Answer Very Carefully!

Algebra Level 4

Which of the following statements is/are correct?

$[1]$ An irrational number times a rational number is always an irrational number.

$[2]$ The statement $\tan^{-1} x + \tan^{-1} y=\tan^{-1}\left( \frac{x+y}{1-xy}\right)$ is true for all real numbers $x$ and $y$ .

$[3]$ If $x^y=y^x$ , then $x=y$ where $x$ and $y$ are positive real numbers.

[1]

and

[3]

None of them.

[1]

and

[2]

[1]

3 solutions

Mursalin Habib
Apr 9, 2014

Let's consider the statements one by one.

Is $[1]$ true? Not necessarily. $0$ is a rational number and any number regardless of its rationality-status [is that even a word?] multiplied by $0$ is $0$ , a rational number.

$[2]$ is not true when $xy>1$ . The inverse tangent function is something that takes a real number as input and returns an angle in the range $(\frac{-\pi}{2}, \frac{\pi}{2})$ as output. Try putting $x$ and $y$ equal to $\sqrt{3}$ . What happens when you use the formula? What is the real answer?

$[3]$ is not true because $(x,y)=(2,4)$ satisfies the given equation.

Nice set of statements! I nearly missed [1] till i remembered that 0 was rational.

Calvin Lin Staff - 7 years, 2 months ago

Yeah same, i didn't consider o as one of the values but other rational numbers times irrational numbers is always irrational.

Mardokay Mosazghi - 7 years, 2 months ago

my words, man!!!!!!!!

niloy debnath - 5 years ago

@Mursalin Habib your mistake was that in all the other options, you put statement [ 1 ]. I knew that statement [ 1 ] was wrong & didn't need to read the other options.

Ameya Salankar - 7 years, 2 months ago

I actually did that on purpose. I knew that most people would [incorrectly] assume that $[1]$ is correct and immediately disregard the correct answer ["none of them are correct"]. You looked passed that, but the 65% of the people who attempted the problem didn't.

Mursalin Habib - 7 years, 2 months ago

Nice thinking Ameya!, I also got this by canceling all others!

Satvik Golechha - 7 years, 2 months ago

I only know that #1 is not true and the choices helped me pick the right answer.

Joceleonard Tonido - 6 years, 4 months ago

Did the same :D

A Former Brilliant Member - 5 years, 4 months ago

Me too!
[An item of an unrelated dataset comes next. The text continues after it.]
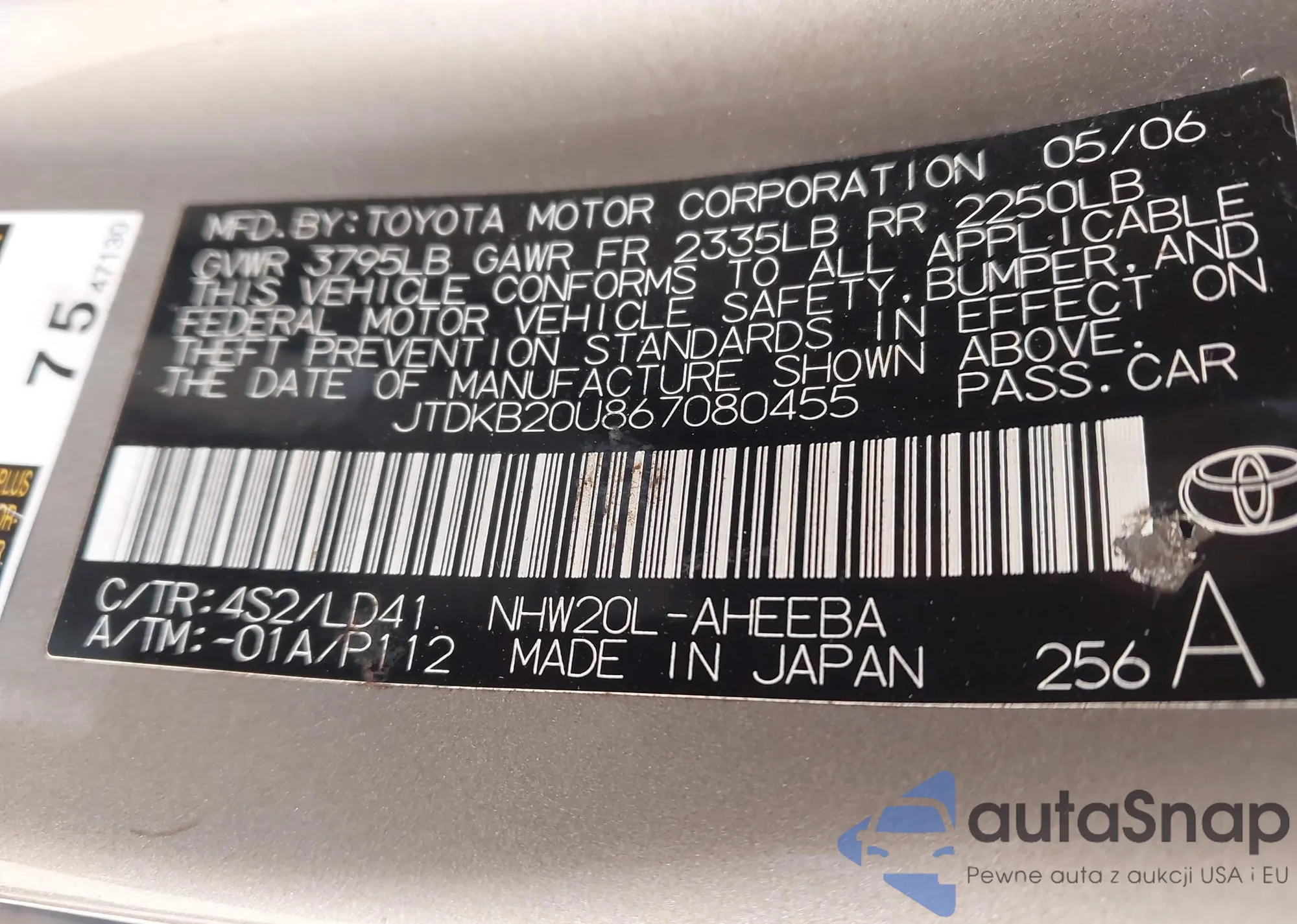 LOT: 43528986 VIN: JTDKB20U867080455

Every answer had a #1, so of course, A.

Josiah Kiok - 5 years, 1 month ago

nice one...

Arijit Banerjee - 7 years, 2 months ago

Good question indeed!

Maharnab Mitra - 7 years, 2 months ago

Sorry for raising this question here....Your previous question about "DO U KNOW ABT ROOTS"....the third statement seems to be wrong...It states that if a,b,c >0... The quadratic has both roots negative....Applying Descartes rule we get this....but consider the case where roots are irrational....Descartes rule will only tell us that the real part of the root is negative....so I think the answer should be none of the above....do clarify!!!
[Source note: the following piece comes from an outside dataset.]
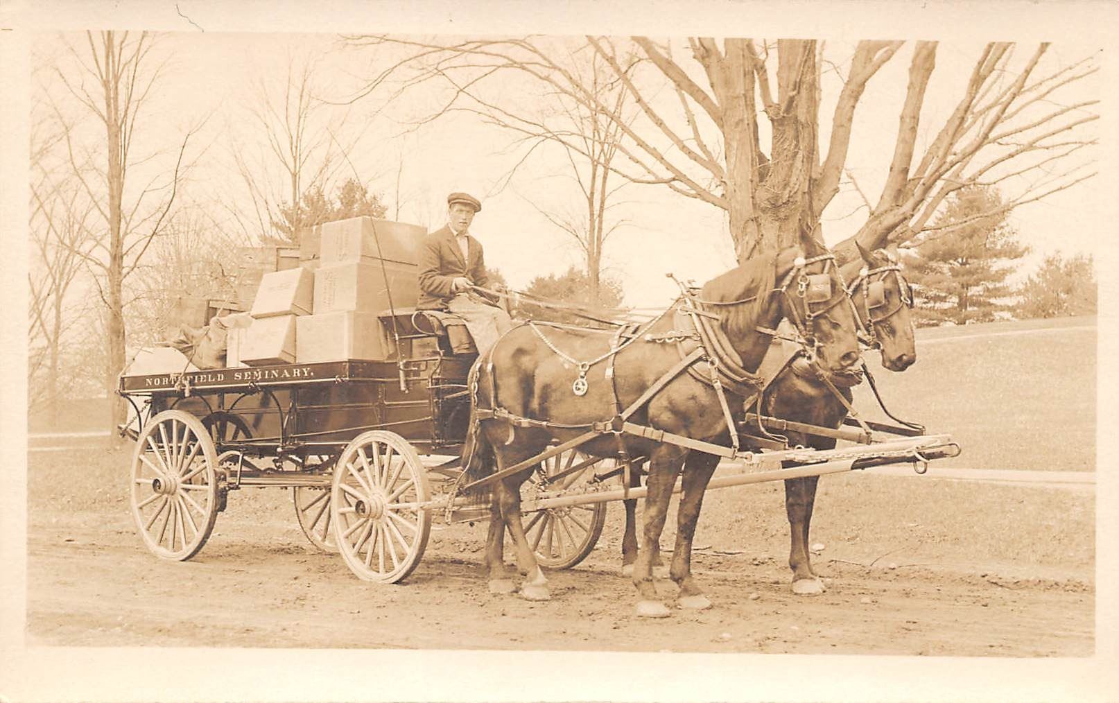 Real Photo Horse Drawn Wagon Norhtfield Seminary Postcard

Tanya Gupta - 7 years, 2 months ago

I'm not sure I follow. Remember, the statement states that the quadratic equation had real solutions. So, I don't understand what you are trying to say with "the real part of the root is negative.". And the statement is also true if the roots are irrational.

Let me know if you need more help.

Mursalin Habib - 7 years, 2 months ago

Sorry...I meant to say the rational part of the irrational root.... Forgive me for not using LaTeX as I am not comfortable using it... For eg: A root is sqrt(b)+a Using descarte, we only get that the rational part i.e. a is negative, it says nothing about the sign b4 the irrational part of the root

Tanya Gupta - 7 years, 2 months ago

@Tanya Gupta – The statement still stands if the roots are irrational. If $a$ , $b$ and $c$ are positive numbers, then $b^2-4ac$ is less than $b^2$ . That means $\sqrt{b^2-4ac}$ is less than $b$ [be careful, this statement's not true if $b<0$ , but I digress].
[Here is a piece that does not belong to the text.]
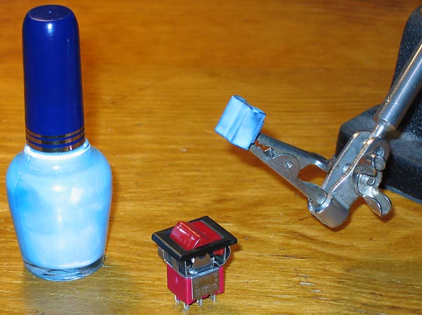 ...y aprovechando que ya tenía fuera el botón basculante decidí el darle otro guiño al original pintándolos de azul y rojo. Para ello utilicé laca de uñas de la barata que podéis encontrar en los chinos. Tendréis que dar varias manos de pintura para tapar del todo el negro original, teniendo cuidado de no hacer demasiado gruesa la capa pues tropezaría con el marquito de plástico.

The roots of $ax^2+bx+c=0$ are $\frac{1}{2a}(-b-\sqrt{b^2-4ac})$ and $\frac{1}{2a}(\sqrt{b^2-4ac}-b)$ .

The first root is obviously negative. The second one is also negative because $b>\sqrt{b^2-4ac}$ . If you need any more help, let me know.

Mursalin Habib - 7 years, 2 months ago

@Mursalin Habib – Thanks for clearing it up...got ahead of myself :D

Tanya Gupta - 7 years, 2 months ago

@Tanya Gupta – No problem! You could also take a look at @Christopher Boo 's solution for it.

Mursalin Habib - 7 years, 2 months ago

Holy shoot.........I didn't even think that $0$ is a rational number to check cases.......

Nishant Sharma - 7 years ago

As soon as I saw the first statement I knew that the were all incorrect.

Sharky Kesa - 6 years, 10 months ago

That zero ! Why ! :/

Keshav Tiwari - 6 years, 4 months ago

I too missed [1}!

Niranjan Khanderia - 6 years, 4 months ago

why [2] is wrong ?? i couldnt understand how did u get that xy>1 makes the statment wrong ?? actually i proved it with the rule: tan(a+b)=[tan(a)+tan(b)]/[1-tan(a)tan(b)] ....what is the mistake in my proof ?? and thanks

Ibrahim Shindy - 4 years, 11 months ago

Mhh, I can't properly understand your consideration on the 2nd relation.. Could you elaborate more deeply?

Manuel Finocchio - 4 years, 8 months ago

nice solution, bhaiya

Mohammad Khaza - 3 years, 11 months ago

Should have included 'Only [2]" as one of the options to make it interesting.

Janardhanan Sivaramakrishnan - 6 years, 4 months ago

Gustaw Matulewicz
Sep 27, 2016

[1] is false as multiplying any irrational number by 0 (a rational number) gives 0 (a rational number). The only answer which doesn't state [1] is true is "none".

Exactly. That's enough to know.

Henrik Varga - 3 years ago

Anshuman Singh Bais
Jan 4, 2016

In statement [3] (x,y)=(-1,-1) also violates the statement.

Positive real*

Maverick Ian De Jesus - 4 years, 7 months ago

Answer Very Carefully!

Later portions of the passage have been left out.